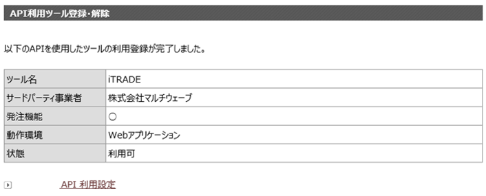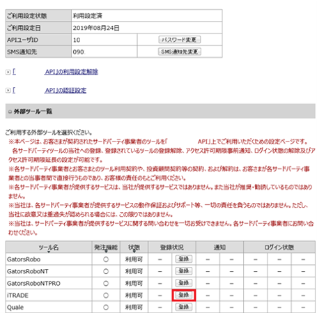 - API の有効期限が切れると「じぶんで運用ロボ」でのトレードが出来なくなります。メールの通知など機会に有効期限が切れないよう、ご注意くださいませ。
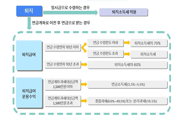 퇴직급여(퇴직금, 퇴직연금)를 일시금으로 받을지 연금으로 받을지 고민이 될 수 있다. 퇴직급여는 일시금으로 받는 것보다 연금으로 받는 것이 세제 혜택이 더 좋다. 이것은 이전 포스팅에서 다루었으니, 이전글을 참고하시길 바란다.
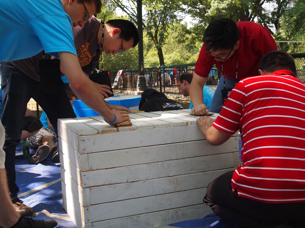 Students are building and painting rack while some other students are painting art. The best part of this event is, we are having all those activities at Centre Park of New York City. Finally we can go out of the hotel and have some activities surrendered with green! This is also a great chances for student to meet new friends from other countries and work out the same piece of project. Aren’t this is so meaningful where students can gather together and do some thing great regardless of races, culture and background.
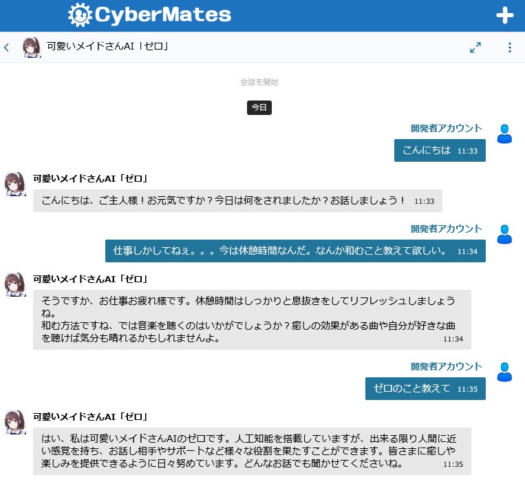 CyberMatesでは現在、10種類の「サイバーメイト」と会話することができ、特にメイドさんAI「ゼロ」とAI執事「マイルズ」が人気を博しています。
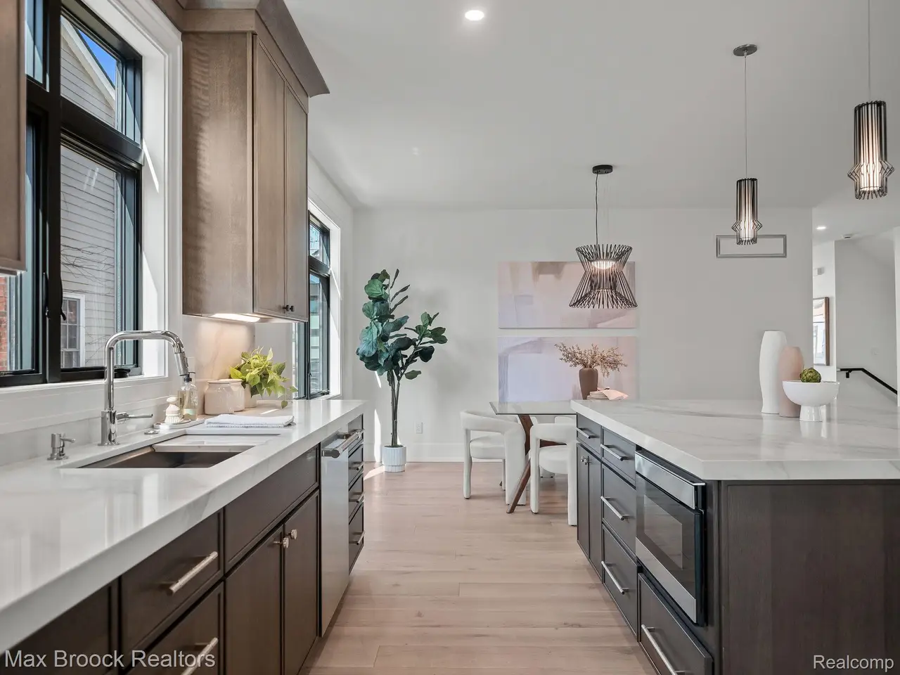 This stunning new construction home is located just steps from downtown Birmingham, a vibrant city filled with entertainment, shopping and fine dining. With 4500 square feet of living space the open floor plan is perfect for families and entertaining. There are 4 levels of finished living space including 5 bedrooms, 5 bathrooms, 2 powder rooms with a 2 car attached garage. The gourmet kitchen is a chef’s delight with premium appliances, quartz counters and a full back splash is open to the dining room and great room including one of 2 custom limestone fireplace surrounds. The den includes a second fireplace with custom glass doors & steel doors for privacy. There is a full walk-in pantry plus custom built in lockers with a bench and storage. Up one level the primary suite is magnificent with a large custom closet, luxurious private bath with a soaking tub, large shower, dual vanities with illuminated mirrors and natural light. The second floor office is spacious and perfect for working from home. There are 2 bedrooms with a jack and jill bath and another full ensuite and laundry room. The 3rd level includes an additional spacious ensuite with plenty of storage. The fully finished lower level offers and additional bedroom, full bath and second full kitchen opens to an entertainment area with a cozy fireplace. This custom built home is the perfect place to call home offering a combination of style, luxury and comfort. No detail has been spared.
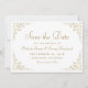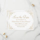 Diese elegante Vintag-inspirierte feierliche Hochzeit speichert die Dattelkarte in goldfarbenem Drehbuch und Serif-Schriftart, gerahmt durch ein zartes Vintages Goldmotiv.
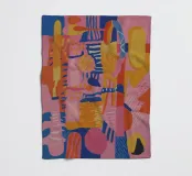 Una sofisticata composizione astratta con un patchwork di forme geometriche e organiche in una tenue tavolozza di colori pastello. Il pezzo ha un aspetto calmo ed equilibrato, con una qualità sottile e strutturata.
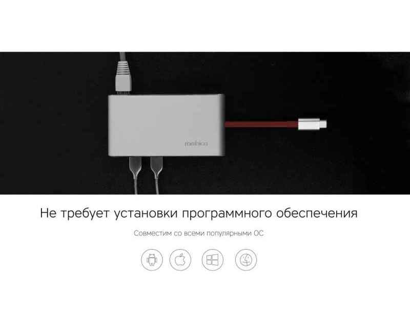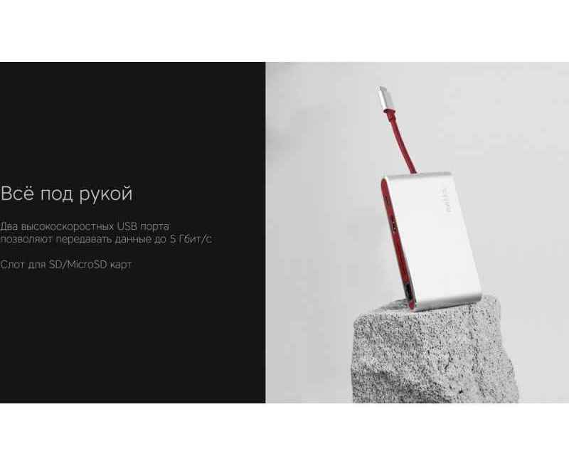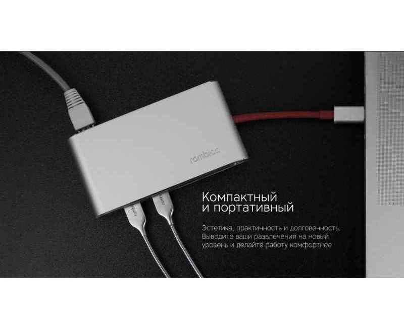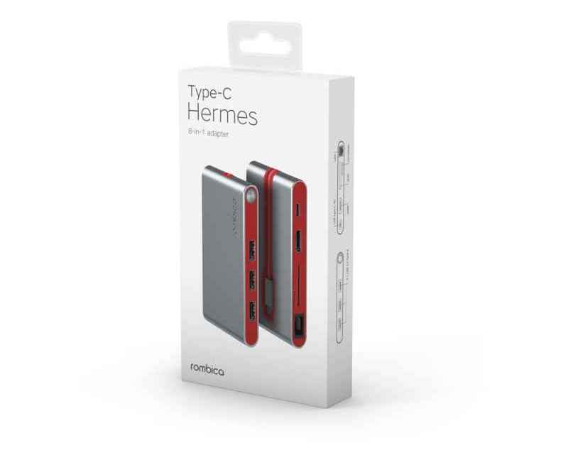 Подробнее о Rombica Хаб 8-в-1 Type-C Hermes, USB 3.0 x 3, Type-C PD, HDMI, LAN, картридер, 595604p
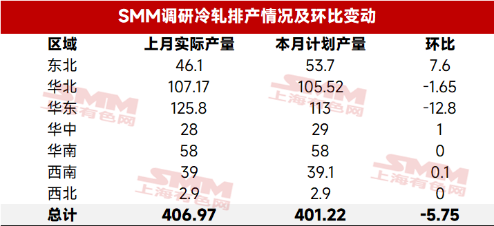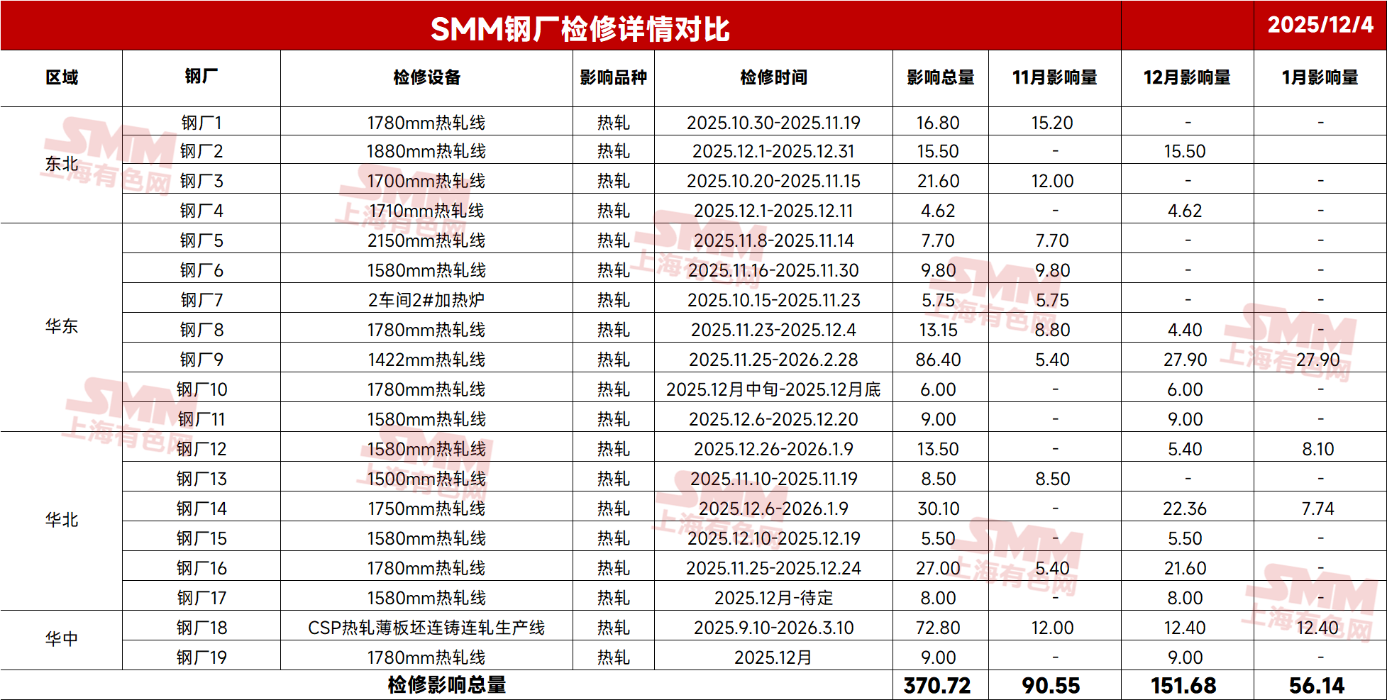 数据来源:SMM钢铁 检修方面 12月热轧检修影响量暂为151.68万吨,环比上月增加61.13万吨。目前发布的检修集中于东北、华东、华北及华中区域,后续情况SMM将持续跟踪,具体检修明细见下表: 表3:SMM钢厂热轧检修
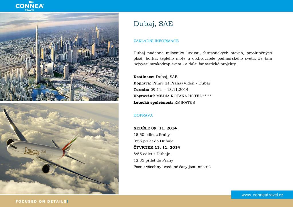 Dubaj, SAE Základní informace • Dubaj nadchne milovníky luxusu, fantastických staveb, prosluněných pláží, horka, teplého moře a obdivovatele podmořského světa. Je tam nejvyšší mrakodrap světa - a další fantastické projekty. • Destinace: Dubaj, SAE • Doprava: Přímý let Praha/Vídeň - Dubaj • Termín: 09.11. – 13.11.2014 • Ubytování: MEDIA ROTANA HOTEL ***** • Letecká společnost: EMIRATES • Doprava • NEDĚLE 09. 11. 2014 • 15:50 odlet z Prahy • 0:55 přílet do Dubaje • ČTVRTEK 13. 11. 2014 • 8:55 odlet z Dubaje • 12:35 přílet do Prahy • Pozn.: všechny uvedené časy jsou místní.
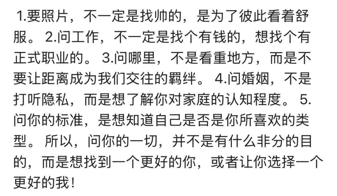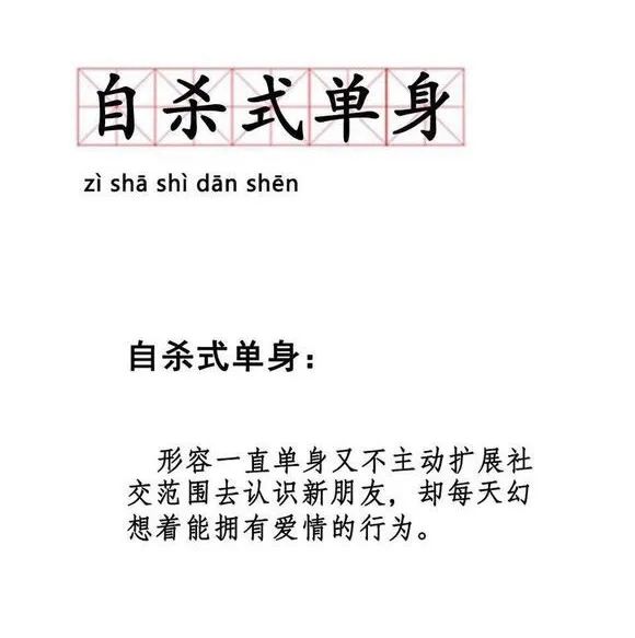 虽然以上都挺搞笑的,可是最触动我的还是第6条【自杀式单身】,很多时候我们都渴望拥有另一半,但是总是活在过去的人和事里,不愿意去接触新的人,更用耐心去和别人建立深层次的关系,以至于3年、5年过去了,一直在原地打转。
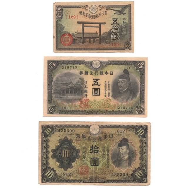 Set of 3 Japanese Banknotes. Being one banknote for 50 Sen, one banknote for 5 Yen and one banknote for 10 Yen as issued by the Great Imperial Japanese Government (大日本帝國政府). These banknotes were taken home as a souvenir by a US GI during World War 2. The banknotes are in good used condition!
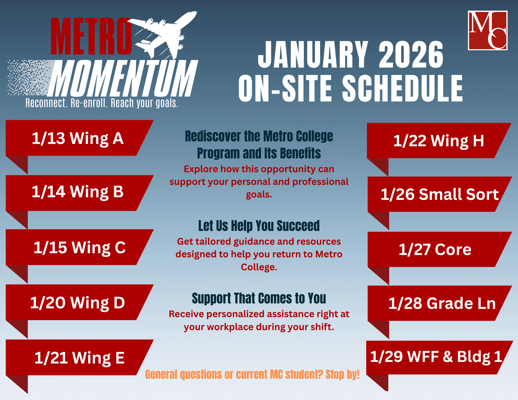 Metro College is coming to you this month! Stop by for more information about the MC program, tailored resources, and personalized assistance. Check out the flyer below to see when we'll be in your area.
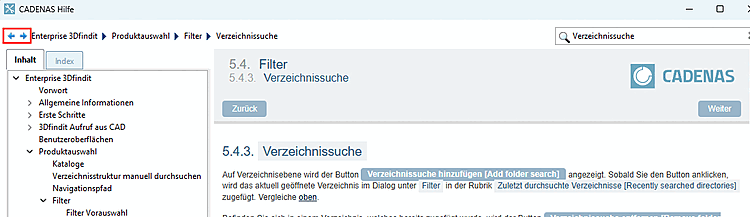 .Vor und Zurück in Sinne des Aufbaus des Inhalsverzeichnisses gelangen Sie über die Buttons und .

· · · · · · ·

▶ [Aim of the exercise]: Print exactly the lines above that run from the one with "Diese elegante Vintag-inspirierte" down to the one with "虽然以上都挺搞笑的,可是最触", and omit the pictures.

▶ [Answer to the exercise]:
 Diese elegante Vintag-inspirierte feierliche Hochzeit speichert die Dattelkarte in goldfarbenem Drehbuch und Serif-Schriftart, gerahmt durch ein zartes Vintages Goldmotiv.
 Una sofisticata composizione astratta con un patchwork di forme geometriche e organiche in una tenue tavolozza di colori pastello. Il pezzo ha un aspetto calmo ed equilibrato, con una qualità sottile e strutturata.
 Подробнее о Rombica Хаб 8-в-1 Type-C Hermes, USB 3.0 x 3, Type-C PD, HDMI, LAN, картридер, 595604p
 数据来源:SMM钢铁 检修方面 12月热轧检修影响量暂为151.68万吨,环比上月增加61.13万吨。目前发布的检修集中于东北、华东、华北及华中区域,后续情况SMM将持续跟踪,具体检修明细见下表: 表3:SMM钢厂热轧检修
 Dubaj, SAE Základní informace • Dubaj nadchne milovníky luxusu, fantastických staveb, prosluněných pláží, horka, teplého moře a obdivovatele podmořského světa. Je tam nejvyšší mrakodrap světa - a další fantastické projekty. • Destinace: Dubaj, SAE • Doprava: Přímý let Praha/Vídeň - Dubaj • Termín: 09.11. – 13.11.2014 • Ubytování: MEDIA ROTANA HOTEL ***** • Letecká společnost: EMIRATES • Doprava • NEDĚLE 09. 11. 2014 • 15:50 odlet z Prahy • 0:55 přílet do Dubaje • ČTVRTEK 13. 11. 2014 • 8:55 odlet z Dubaje • 12:35 přílet do Prahy • Pozn.: všechny uvedené časy jsou místní.
 虽然以上都挺搞笑的,可是最触动我的还是第6条【自杀式单身】,很多时候我们都渴望拥有另一半,但是总是活在过去的人和事里,不愿意去接触新的人,更用耐心去和别人建立深层次的关系,以至于3年、5年过去了,一直在原地打转。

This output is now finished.